Ils veulent aussi créer un « dossier médical électronique intégré » pour les médecins spécialistes qui ont une pratique en cabinet. Pas moins de 18 millions de dollars y sont alloués la première année.
Le fax perdure malgré tout
Fait étonnant : l’un des projets en télésanté vise notamment à faciliter l’utilisation des télécopieurs. Financé au coût de 4,6 millions, le futur « centre de soutien des services numériques en santé » doit, entre autres choses, permettre aux médecins de recevoir et « d’acheminer un courriel et ses pièces jointes par télécopieur ». L’IPAM qualifie cela de « télécopie infonuagique » ou encore de « Web fax ».
Questionné à ce sujet, son directeur, Jean-François Foisy, rétorque qu’il faudra attendre « plusieurs années » avant de bannir les fax du réseau. Il faut donc trouver, dit-il, des solutions transitoires.
Sinon, le développement de tous ces nouveaux outils technologiques ne risque-t-il pas d’entrer en conflit avec la volonté du gouvernement d’uniformiser les services informatiques dans le réseau ?

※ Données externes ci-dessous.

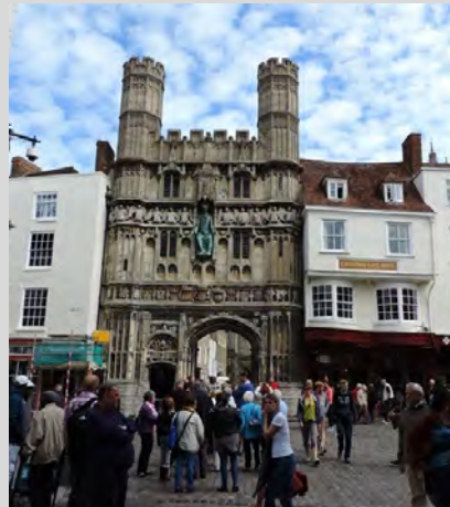
Christ Church Gate seen from Mercery Lane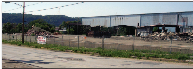
Above: Site pre-demolition / Below: Phase I complete

The development is unique for its site configuration, which was dictated by Homeland Security design requirements. Criteria included the need to provide a secure facility while implementing an environmentally-sensitive design that addressed the latest Stormwater Best Management Practices.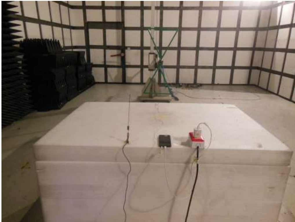
Radiated Spurious Emission (30MHz to 1GHz)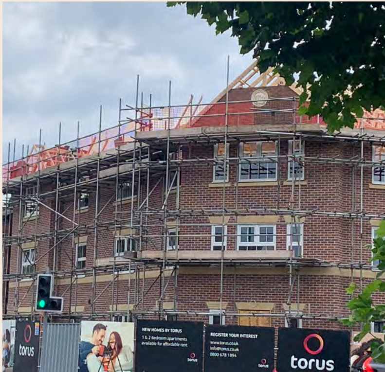
Marsh House, Manchester Road View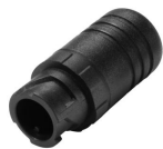
ZXP399 Endcap F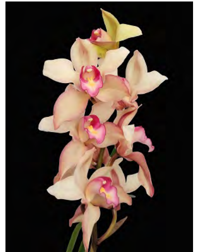
Jeff Metcalf's Cymbidium Point Conception 'Sunset Nativity' ( seidenfadenii x Trigo Royale)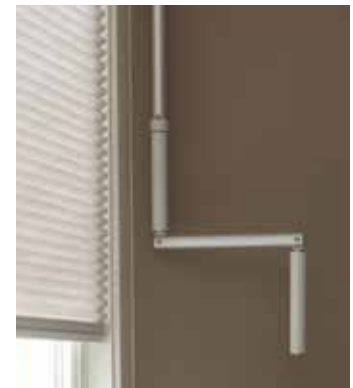
7 Crank operation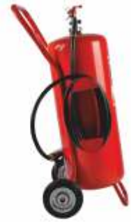
Wheeled DP Fire Extinguisher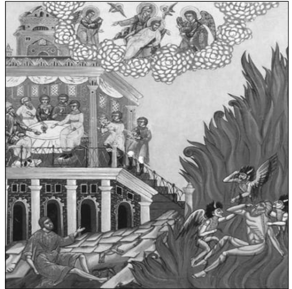
The Parable of the Rich Man and Lazarus

Where heaven is, and what exactly the “bosom of Abraham” will look and feel like are unknown. What is known is that heaven will be a place of joy, hell will be a place of torment, and our assignment to one or the other will be based on love, or indifference.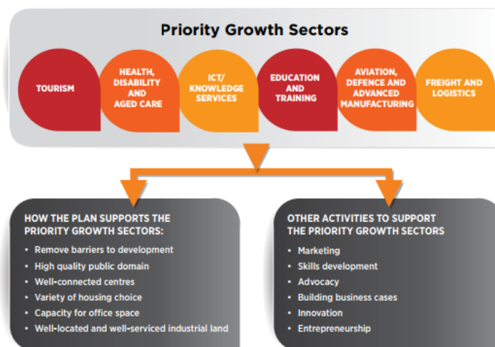
FIGURE 5: SUPPORTING PRIORITY GROWTH SECTORS

The City of Wollongong is the regional capital of the Illawarra and demonstrates the regional centre consolidation observed by the Commission in its key points. Elements of this consolidation have been a result of deliberate policy when revitalizing the CBD in recent years.

M. Foisy rétorque que lorsqu’un projet techno est sélectionné, l’IPAM s’assure auprès du responsable des technologies de l’information du ministère « que ça va pouvoir s’intégrer après dans le dossier de santé numérique ».
« C’est une bonne question », répond de son côté M. Oliva. « Mais il faut juste être conscients qu’on a pris un retard technologique énorme au Québec dans les dernières années. Ça reflète ça. » Les projets en technologie « sont choisis conjointement avec le ministère » de la Santé, ajoute-t-il. « Et le ministère est responsable de la mise en oeuvre. »
L’IPAM a jusqu’à décembre 2023 pour atteindre la cible de 1,6 milliard de dollars d’économies prévue dans l’entente avec le gouvernement.